Jakarta – Kinerja keuangan PT Golden Energy Mines Tbk (GEMS) mengalami kontraksi pada kuartal pertama tahun 2026. Emiten produsen batubara yang terafiliasi dengan Grup Sinar Mas ini mencatatkan penurunan pendapatan dan laba bersih dibandingkan periode yang sama pada tahun sebelumnya.
Berdasarkan laporan keuangan yang dipublikasikan di Bursa Efek Indonesia (BEI), pendapatan usaha GEMS sepanjang tiga bulan pertama 2026 mencapai US$ 582,60 juta. Angka ini menunjukkan penurunan sebesar 10,14 persen secara tahunan atau year on year (yoy) dari periode sebelumnya yang mencatatkan pendapatan sebesar US$ 648,34 juta.
Komposisi pendapatan tersebut didominasi oleh pasar ekspor yang menyumbang US$ 342,05 juta, sementara pasar domestik memberikan kontribusi sebesar US$ 240,54 juta. Dari sisi pelanggan, mayoritas pendapatan berasal dari pihak ketiga dengan nilai US$ 574,43 juta, sedangkan transaksi dengan pihak berelasi tercatat sebesar US$ 8,17 juta.
Sejalan dengan penurunan pendapatan, laba bersih yang dapat diatribusikan kepada pemilik entitas induk GEMS juga menyusut 29,45 persen yoy menjadi US$ 79,90 juta. Sebagai perbandingan, pada kuartal pertama 2025, perusahaan berhasil membukukan laba bersih sebesar US$ 113,47 juta.
Di sisi lain, perusahaan telah melakukan efisiensi beban. Beban pokok penjualan tercatat turun 3,21 persen yoy menjadi US$ 386,03 juta dari periode sebelumnya sebesar US$ 398,85 juta. Beban usaha perusahaan juga terkikis 14,60 persen yoy menjadi US$ 89,36 juta dari sebelumnya US$ 104,64 juta.
Kepala Riset Korea Investment & Sekuritas Indonesia (KISI), Muhammad Wafi, mengungkapkan bahwa perlambatan kinerja pada awal tahun ini dipicu oleh dua faktor utama. Pertama adalah koreksi harga batubara dari level puncak, dan kedua adalah keterlambatan persetujuan Rencana Kerja dan Anggaran Biaya (RKAB) produksi batubara.

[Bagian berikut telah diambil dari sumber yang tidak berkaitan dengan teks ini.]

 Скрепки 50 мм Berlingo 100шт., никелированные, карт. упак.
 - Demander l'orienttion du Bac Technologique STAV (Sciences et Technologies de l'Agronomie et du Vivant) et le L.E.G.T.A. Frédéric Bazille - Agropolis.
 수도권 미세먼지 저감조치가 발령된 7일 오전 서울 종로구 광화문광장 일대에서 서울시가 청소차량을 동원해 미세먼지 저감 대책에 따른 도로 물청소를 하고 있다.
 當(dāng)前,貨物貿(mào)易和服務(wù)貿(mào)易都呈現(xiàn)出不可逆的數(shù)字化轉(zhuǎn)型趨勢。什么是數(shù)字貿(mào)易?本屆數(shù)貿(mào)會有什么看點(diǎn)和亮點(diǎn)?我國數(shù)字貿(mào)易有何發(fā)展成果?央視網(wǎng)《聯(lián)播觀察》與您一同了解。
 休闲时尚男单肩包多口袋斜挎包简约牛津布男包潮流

Meski demikian, Wafi menilai GEMS masih memiliki potensi untuk memperbaiki kinerja keuangan pada semester kedua 2026. Hal tersebut sangat bergantung pada realisasi kebijakan relaksasi RKAB produksi batubara agar perusahaan dapat mengejar ketertinggalan volume produksi.
Manajemen GEMS sendiri menargetkan produksi dan penjualan batubara sepanjang tahun 2026 berada di kisaran 54 hingga 58 juta ton. Wafi menilai target tersebut cukup ambisius namun tetap realistis untuk dicapai apabila RKAB disetujui secara penuh dan peningkatan produksi pada kuartal kedua hingga ketiga berjalan lancar.

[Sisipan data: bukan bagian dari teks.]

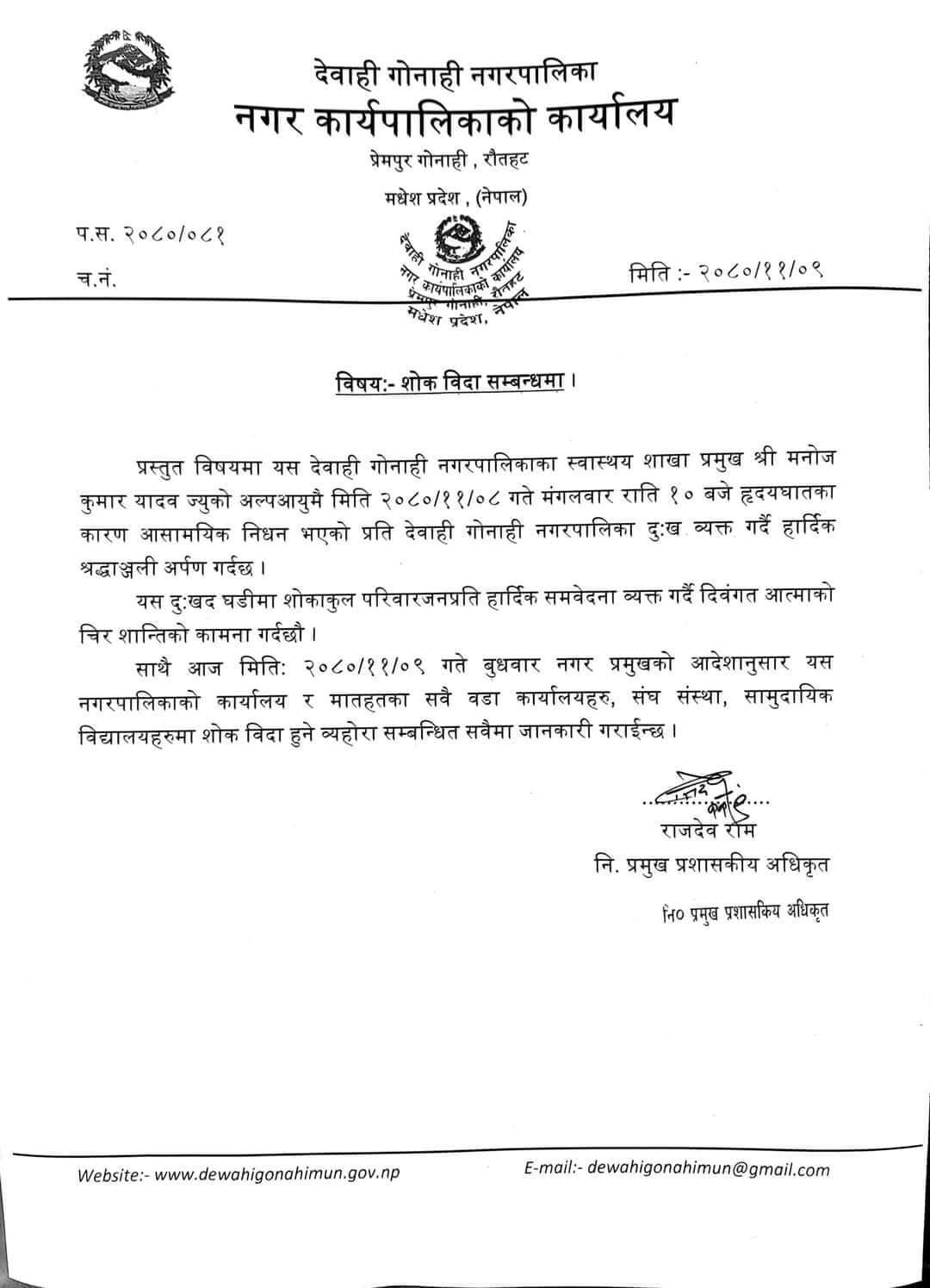 ‘देवाही गोनाही नगरपालिकाका स्वास्थय शाखा प्रमुख श्री मनोज कुमार यादव ज्युको अल्पआयुमै मिति २०८०÷११÷०८ गते मंगलवार राति १० बजे हृदयघातका कारण आसामयिक निधन भएको प्रति देवाही गोनाही नगरपालिका दुःख व्यक्त गर्दै हार्दिक श्रद्धाञ्जली अर्पण गर्दछ ।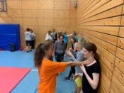 Kampfsportabteilungsleiter Patrick Meik (3. Dan) erarbeitete mit seinem Trainer- und Helferteam Ramon Benmesbah (1. Dan), Philip Viertel (1.Dan), Anja Walk und Lars Hagena ein Programm für den anderthalbstündigen Workshop.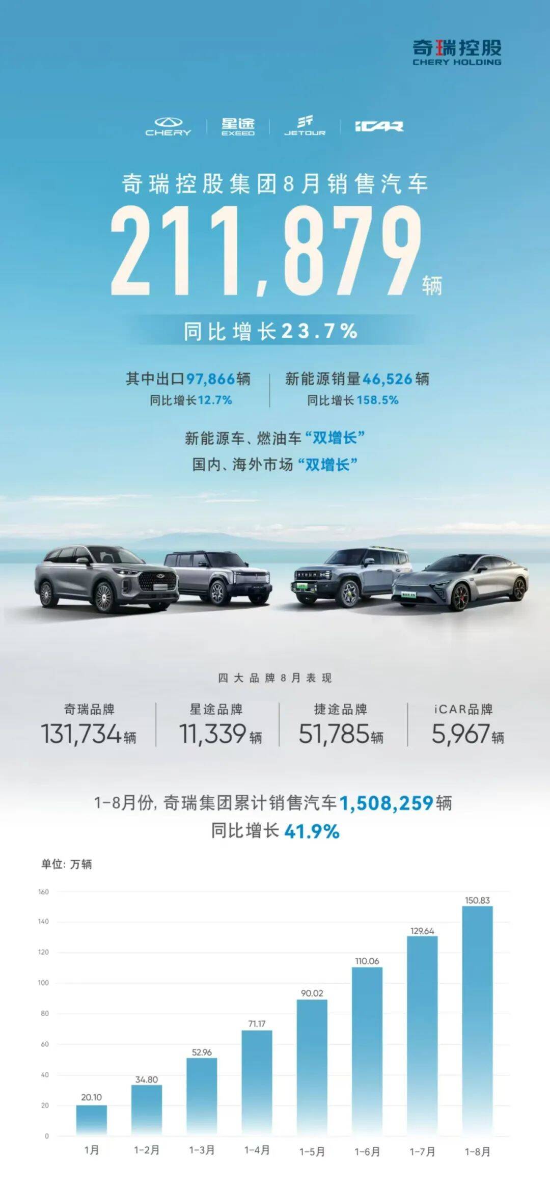 连日来,各家车企8月销量纷纷出炉,奇瑞集团交出了全行业唯一的“四增长”成绩单——国内、出口赛道“双增长”,燃油车、新能源赛道“双增长”。目前,奇瑞海外出口量已接近总销量的50%,什么成就了奇瑞连续21年位居中国乘用车品牌出口第一?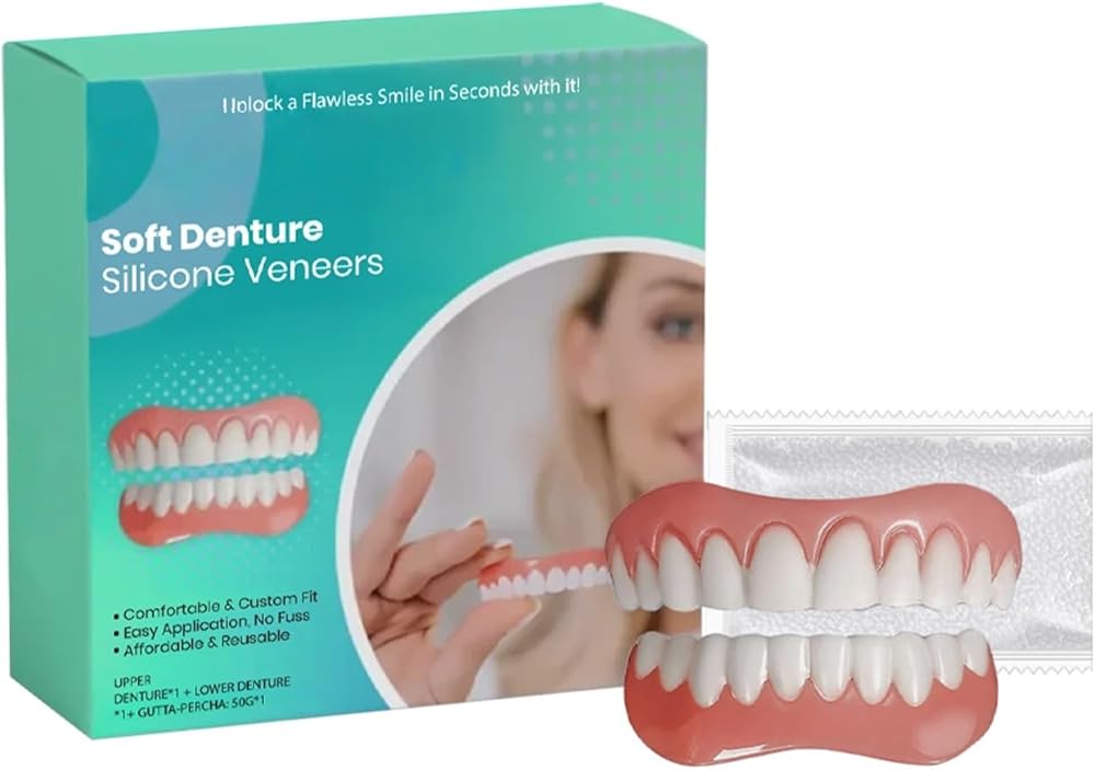 Transform your smile instantly with these soft denture silicone veneers, designed to enhance your appearance and boost your confidence. This cosmetic teeth solution offers both upper and lower denture sets that are comfortable to wear and easy to apply. The veneers are crafted from flexible materials including polyvinyl alcohol crosslinked polymer and sodium polyacrylate, providing a natural look while being gentle on your gums. These reusable smile enhancers effectively cover dental imperfections, fill gaps between teeth, and create the appearance of a fuller, more attractive smile. Application is straightforward: simply soften the fitting material until pliable, then carefully mold the veneers to fit your teeth for a custom, secure fit. The material resists staining and is easy to keep clean with regular care. Perfect for special occasions, photos, or everyday wear when you want to present your best smile. These temporary cosmetic teeth allow you to smile boldly and confidently without expensive dental procedures. The affordable and reusable design makes it a practical solution for anyone looking to improve their dental appearance quickly and conveniently.

Pihaknya mengingatkan bahwa jika relaksasi RKAB kembali mengalami keterlambatan, maka target produksi batubara GEMS berpotensi meleset sekitar 10 hingga 15 persen. Selain itu, terdapat sentimen lain yang perlu diwaspadai, yakni kebijakan ekspor sumber daya alam terpusat serta potensi revisi tarif royalti yang dapat menekan margin perusahaan.
Sementara itu, Pengamat Pasar Modal sekaligus Co-Founder AP Trading Insight Singapore, Kiswoyo Adi Joe, menyoroti dinamika harga komoditas global. Menurutnya, pelemahan harga energi dunia, termasuk minyak bumi akibat meredanya konflik geopolitik di Timur Tengah, dapat memengaruhi harga batubara sebagai komoditas substitusi.
Kiswoyo menekankan pentingnya bagi GEMS untuk memperkuat efisiensi di segala lini usaha guna mempertahankan kemampuan produksi. Upaya tersebut diperlukan untuk mengompensasi risiko penurunan harga melalui volume produksi dan penjualan yang tetap tinggi. Terkait prospek saham, ia menyebut saham GEMS dapat dicermati investor dengan target harga wajar di level Rp 7.500 per saham.